Keystone getting a good deal is the first thing I thought of. Like you we have already learned to like the color difference. The rest of the 28RSDS make the floor not be an issue.

Do you have any problems with water on the floor after sliding in the Dinette? It was raining really hard when we did our PDI and when I got home, 30 miles, there was a puddle of water that had run on the floor. The good thing about the rain is I know for sure the roof has no leaks.

We cannot wait to get out to the campground this weekend!!!!!


----------



## HootBob (Apr 26, 2004)

Our 04 21RS had the light color floor
Now our 05 26RS has the dark color floor
I like the dark color better

Don


----------



## California Jim (Dec 11, 2003)

My 2004 28BHS with Jasmine interior - light wood floor

Sister's 2004 26RS with Desert Rose interior - dark wood floor.

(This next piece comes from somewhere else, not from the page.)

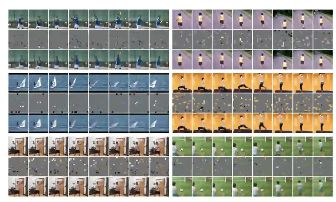MAE中假设最佳掩蔽率与数据的信息冗余相关。对于非结构化随机掩蔽,BERT对语言使用了15%的掩蔽率,而MAE对图像使用了75%的掩蔽率,这表明图像比语言有更多的信息冗余。本文对视频的实证结果支持这一假设。作者观察到视频的最佳掩蔽率为90%。这符合通常的假设,即由于时间相干性,自然视频比图像具有更多的信息冗余。下图显示了本文方法在掩蔽率为90%和95%的未知验证数据上的MAE重建结果。

Both trailers were manufactured the same week. Maybe it depends upon your interior


----------



## huntr70 (Jul 8, 2005)

Our '05 has the dark flooring.

Its the only color I've ever seen in any.









Steve


----------



## Castle Rock Outbackers (Jan 18, 2004)

Dark in our 04 26 RS as well. Prefer it to the lighter.

Randy


----------



## Highlander96 (Mar 1, 2005)

2005 21RS and the 2006 28RSDS both had the dark floors.

I did see a lighter floor in the 29BHS at the Timonium show last week.









Happy Outbacking!

Tim


----------



## cookie9933 (Feb 26, 2005)

We think the dark floor looks great. We really like it.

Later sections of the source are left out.